Northwest High School boys’ basketball coach Robert Smith is perfectly capable of wrapping his players’ ankles. But thanks to Montgomery County’s now full-fledged athletic training program, he no longer has to and can focus his attention solely on coaching responsibilities.
“(Coaches) are all pretty knowledgeable, but having someone who trained in the field is invaluable,” Smith said. “Especially when you’re coaching and you have nine million things going on. (A few years back) we were wrapping ankles and doing stuff and we’re certified but they probably do it a lot better than I can.”
After the success of a pilot program launched last year that placed certified athletic trainers at all 25 county public schools, MCPS signed a three-year contract with four local vendors—Adventist HealthCare Physical Health & Rehabilitation, MedStar Health, Pivot Physical Therapy and Maryland Orthopaedic Specialists—that indicates its inclusion in the fiscal budget at least through 2018. MCPS is paying the vendors $20,000 a year per school, Athletics Specialist Jeff Sullivan said, for a total of $500,000.
All MCPS coaches must obtain a variety of certifications and are required to take several continuing education courses, including the Maryland State Department of Education’s “Care and Prevention of Athletic Injuries” and the National Federation of State High School’s “Concussion in Sports – What You Need to Know,” among others.
But while coaches are knowledgeable and certainly invested in the safety of their student-athletes, they are not trained professionals. And this program takes the onus off coaches to make medical decisions.
“First of all, the schools themselves don’t really have a way of taking care of students after school, with the exception of the coach. Most injuries occur in practice, not in games,” Quince Orchard’s athletic trainer Laura Hartman said. “(Making medical decisions) is not their primary job. They’re there to coach kids and not to take care of emergencies as far as athletic injuries. There can be a lot of problems with that, in terms of conflict of interest, communication and kids falling through the cracks.”

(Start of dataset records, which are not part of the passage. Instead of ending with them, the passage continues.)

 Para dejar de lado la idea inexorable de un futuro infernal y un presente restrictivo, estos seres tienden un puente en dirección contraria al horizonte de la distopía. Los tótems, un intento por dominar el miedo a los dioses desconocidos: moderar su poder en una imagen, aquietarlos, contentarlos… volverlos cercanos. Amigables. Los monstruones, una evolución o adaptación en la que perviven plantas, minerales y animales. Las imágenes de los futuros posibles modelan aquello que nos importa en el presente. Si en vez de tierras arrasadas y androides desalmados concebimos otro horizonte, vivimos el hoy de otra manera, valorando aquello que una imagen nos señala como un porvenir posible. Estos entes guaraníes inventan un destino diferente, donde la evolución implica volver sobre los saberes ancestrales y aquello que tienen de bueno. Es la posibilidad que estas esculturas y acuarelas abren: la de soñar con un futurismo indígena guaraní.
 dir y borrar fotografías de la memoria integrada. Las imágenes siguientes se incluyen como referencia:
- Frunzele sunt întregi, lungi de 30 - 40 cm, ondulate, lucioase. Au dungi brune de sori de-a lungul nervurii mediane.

Per the Athletic Trainer Scope of Services posted on the MCPS website, athletic trainers should be on campus for an average of 20-30 hours per week during each of the three sports seasons—approximately 42 weeks beginning in early August through the end of May. That time includes coverage for practices, scrimmages, regular season events and playoff games on site. Athletic trainers are required to be on campus whenever there is a home game or match in any sport.
“If a home tennis match was the only event, the trainer would be there at that home tennis match,” Sullivan said. “We want that equitable treatment.”

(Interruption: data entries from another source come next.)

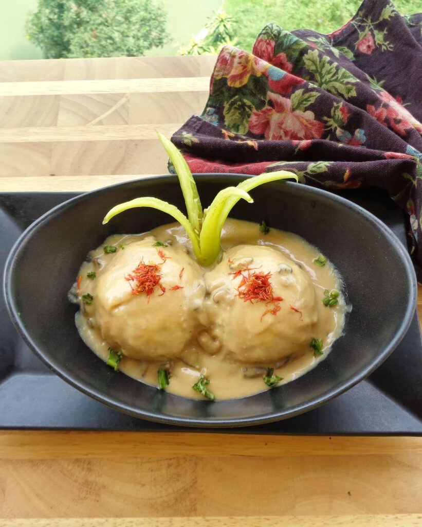 HEAT a large steamer with water, over medium heat, place the cabbage balls in a tray and steam for about 30 minutes or until the cabbage is tender. Remove the balls from the steamer, place each ball in an individual serving bowl, and top it up with mushroom sauce.
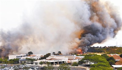 不過至少還有十多棟住宅和一棟公寓大樓受損,地方電視台畫面顯示,多棟建築物深陷火海,濃濃黑煙衝天,飄到太平洋上空。
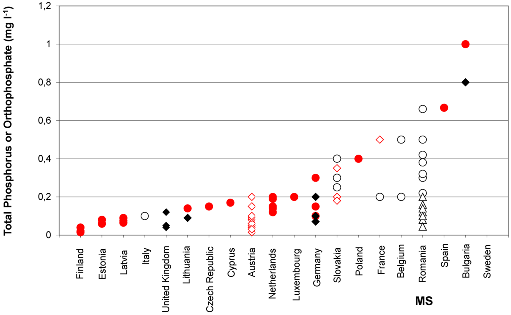 Total phosphorus or orthophosphate values for good-moderate boundaries of ecological status in European streams and rivers. Filled circles = Total phosphorus as annual mean values or mean values for defined seasons or no entry. Open circles = Total phosphorus as 90 percentile values of annual measurements. Triangles = Total phosphorus median values. Filled diamonds = Orthophosphate/soluble reactive phosphorus as annual mean values. Open diamonds = Orthophosphate as 90 percentile values of annual measurements. Values provided by CZ, FR, BG, PL, LT, LU, CYP and IT are good-moderate boundaries set for “All rivers” (without typological differences). Multiple points for other MS denote good/-moderate boundaries set for different river and stream types. Sweden reported good-moderate boundaries as EQR (not shown). Spain reported a value with unknown unit of measurement (mg/L−1 or EQR). UK values refer to soluble reactive phosphorus.
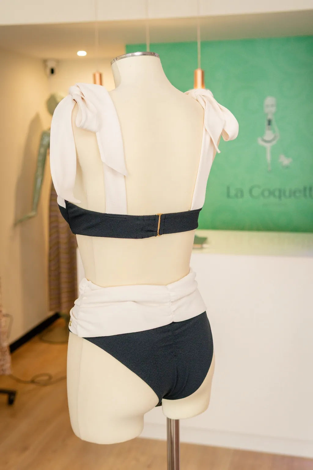 A parte inferior, em tonalidade escura contrastante, assume um corte clássico de cintura média, realçada por uma faixa em tecido claro que cruza elegantemente a zona abdominal. Esta sobreposição, para além de conferir um efeito de cintura cintada, traduz-se num detalhe estético que acentua a fluidez e o movimento do conjunto. O acabamento é complementado por uma discreta medalha metálica dourada, que reforça a identidade da marca com discrição e bom gosto.
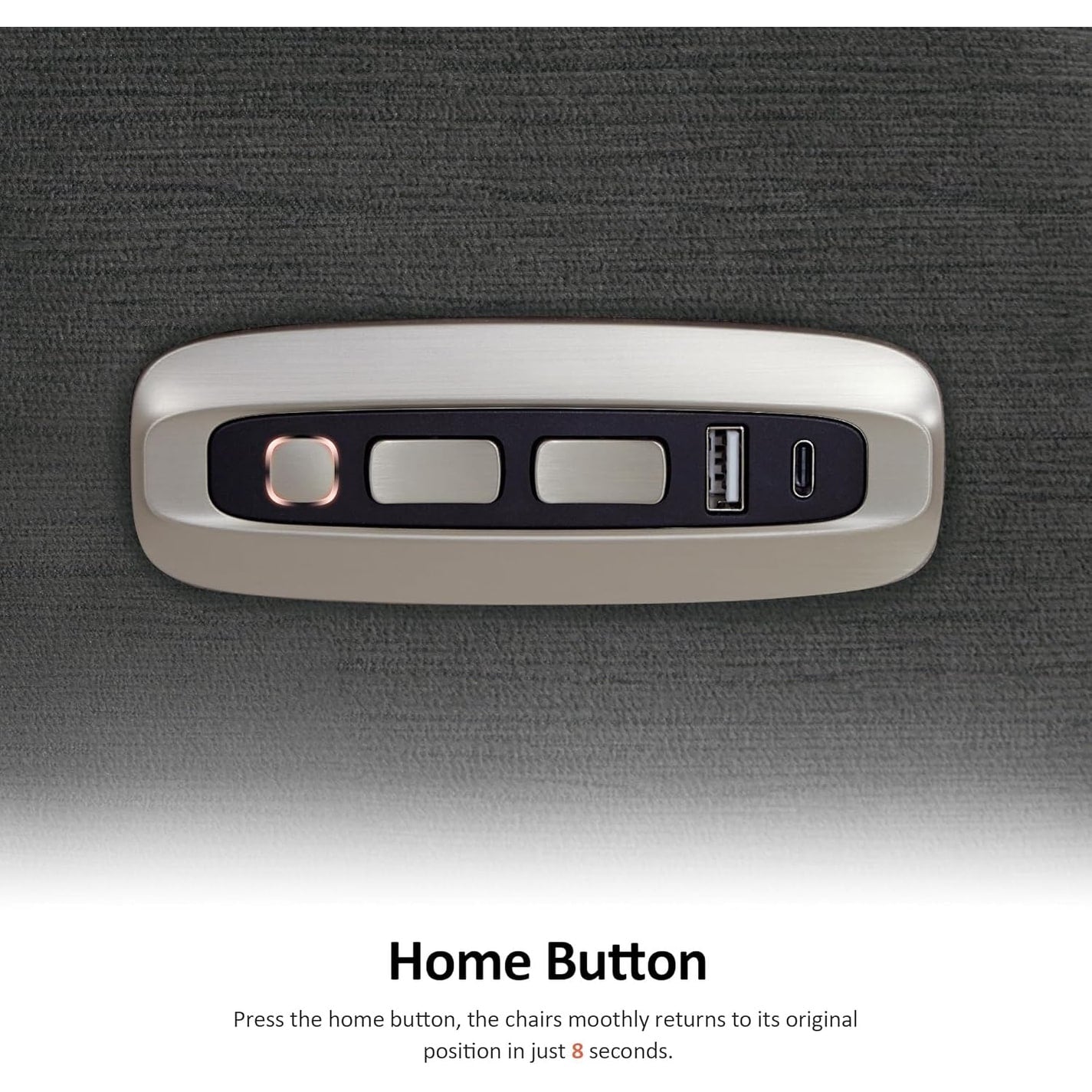 - User-Friendly Controller. Press the home button, and the chair smoothly returns to its original position in just 8 seconds. The dual USB&Type C charge ports on armrest mean that any phone or pad is applicable

When there is more than one team playing, the trainer’s location is known to all coaches. But athletic trainers aren’t just on site in case of emergency. Their weekly schedules, coordinated with their school’s athletic director, are not limited to on-field diagnoses. They also help athletes through the rehabilitation process, pre-game and post-game treatment, such as ankle taping and icing, among other services.
“You go to the training room and it’s a revolving door of kids coming in and out for different reasons and it’s great to see,” Sullivan said. “(MCPS Director of Systemwide Athletics) Duke (Beattie) and I have gone out and visited with trainers and ADs (athletic directors) and this is exactly what we were hoping this program would be.”
Hartman said it is important to have a constant loop of communication to keep everyone on the same page. She is in touch with parents by phone and email, she said, to ensure her student-athletes keep to their recovery schedules and treatments.
There is an education component as well; athletic trainers are able to provide tips and exercises specific to each athlete and sport to try and help prevent re-injury.
In addition, all of the county’s athletic trainers work under the supervision of a physician, Sullivan said, which can help provide athletes with a direct line to doctors.
“That is absolutely a benefit,” Sullivan said. “It’s a huge advantage for kids. We do not require them to use our vendors, but they are available for kids and that’s been something useful, especially in time-sensitive areas.”
Sullivan said he’s also been pleased with the trusting and supportive relationships the athletic trainers have cultivated with their student-athletes.
There is a psychological aspect to athletic training, Hartman said. If athletes do not trust their athletic trainers, they might be less than honest. That’s why Hartman said she believes in full disclosure to athletes and walking them through the entire process of returning to play.
“Northwest volleyball won the state title and their trainer (Lauren Lyons) was there at the semifinals and there again at the championship match even though she didn’t need to be,” Sullivan said. “(The Maryland Public Secondary Schools Athletic Association) said they were providing training services so there was no need to bring anyone but Lauren has a great relationship with the kids so she followed them all the way through the finals. I saw that a lot (during the postseason), where teams were playing on the road and their trainer was following the team. They didn’t have to but the relationship they have with the kids is evident and they want to be part of the success with the team.”